作品タイトル不明
オバサンは怒ると容赦しない 3
「シェリル」
お父様が手招きしたので、早足でそちらに向かう。
心配だったのでちらっと後方を確認したら、セリーナはまだ扉の陰にいるフィオナさんの横にいて、力付けるように手を握りしめていた。
「私はお姉様みたいには出来ないから、何か出来ることを探さなきゃ」
以前セリーナはそんなことを言っていたけど、もうすでに彼女は見つけているんじゃない?
あの子は自分からぐいぐい前に出て行く子じゃないけど、そっと人に寄り添える子だもん。
「どういうことだい? 言っていることはわかるんだが、もうあの男は今更変わらないよ」
「俺もそう思う」
いつの間にかバイロンさんが隣に来ていてびくっとしてしまった。
気配が全く掴めない。
転移でここに来たの? それとも足音を立てない人なの?
「監禁されている間は、反抗する気力もなさそうだから働くだろうが、俺たちがいなくなったらまた元の生活に戻るだけだ」
「だから乗っ取るんです。娘さんたちは悪い子じゃないんですよね」
話しながら振り返ってアシュベリーの様子を確認したら、私たちがこそこそと話している様子を真っ青な顔で見ている。
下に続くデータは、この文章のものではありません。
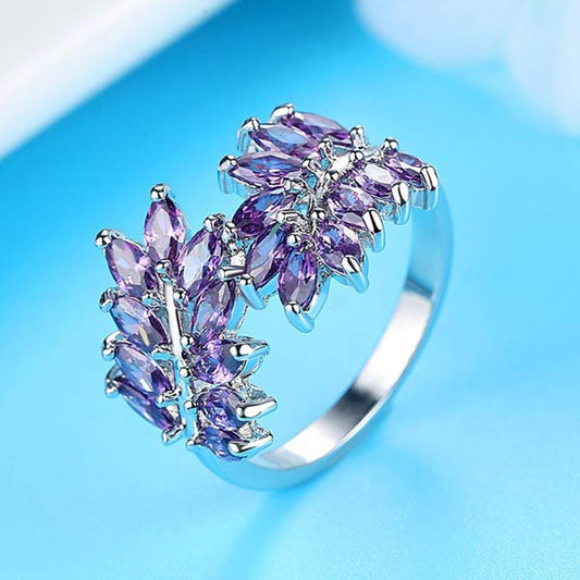 Exquisite Purple Zircon Leaves Rings - Women Shiny Fashion Silver Color Ring - Valentine Day Accessories (7JW)(F81)

もう怒りとか憎しみの表情ではなくて、びくついて泣きそうな顔なのよ。
弱い犬ほどよく吼えるという言葉のとおり、自分より強い相手の前にたつとこんなにびくびくする人なんだ。
そういう人だからクロウリーにも直接には関わらないで、陰で悪い噂を流そうとしていたんだろうけど、問題はそのしつこさよ。
十年以上に渡ってずっと嫌がらせを続けていたのよ。
つまりこのままにしておくと、バイロンさんたちにも何年もつき纏うに違いないわ。
ここで決着をつけなくちゃ。
「ほとんど社交界に顔を出さないからわからないな。屋敷内で働かされているのは間違いないようだが」
「俺たちは一度だけ顔を合わせたが、ずっと俯いてびくびくしていたよ。母親は着飾っているのに娘たちは古いドレス姿だった」
「なんてことなの」
お父様とバイロンさんの話を聞いて、お婆様はショックだったみたい。
まさか自分の娘を使用人代わりにしているのに、あんな偉そうな態度を取る馬鹿がいるとは思わないわよ。
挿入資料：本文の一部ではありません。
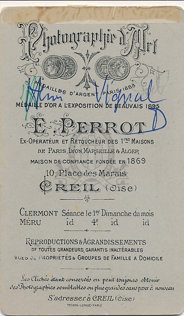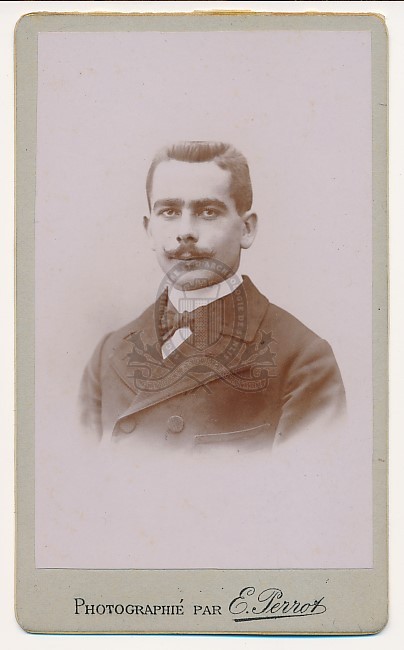 Titre : Portrait en buste d'un homme Type de document : document graphique à deux dimensions Auteurs et Fonctions : E. Perrot (18..-19..), Photographe Editeur : Creil : Perrot Année de publication : [s.d. (avt 1914)] Importance : 1 épreuve photographique sur papier contrecollée sur carton Illustrations : ill. en noir et blanc Format : 9 x 5,5 cm (10,5 x 6,5 cm) Note générale : D'après une mention ms au verso : Henri Vignal (?) Langues : Français (fre) Forme de la ressource : Epreuve photographique Permalink : ./index.php?lvl=notice_display&id=10580 Portrait en buste d'un homme [document graphique à deux dimensions] / E. Perrot (18..-19..), Photographe . - Creil : Perrot, [s.d. (avt 1914)] . - 1 épreuve photographique sur papier contrecollée sur carton : ill. en noir et blanc ; 9 x 5,5 cm (10,5 x 6,5 cm).

「子供たちを放ってはおけないわ。あの男を監禁するのなら、私が屋敷に行くわよ」
「そうだね。きみの生まれた屋敷でもあるんだ。このままにはしておけないな。バリークレアはもう軌道に乗っている。我々が常駐しなくても平気だろう」
「うーん。それなら僕も手伝わないわけにはいきませんね」
お父様はあまり乗り気ではなさそうね。
忙しいのに、アシュベリーの領地の心配までしなくてはいけないのかとうんざりしていそう。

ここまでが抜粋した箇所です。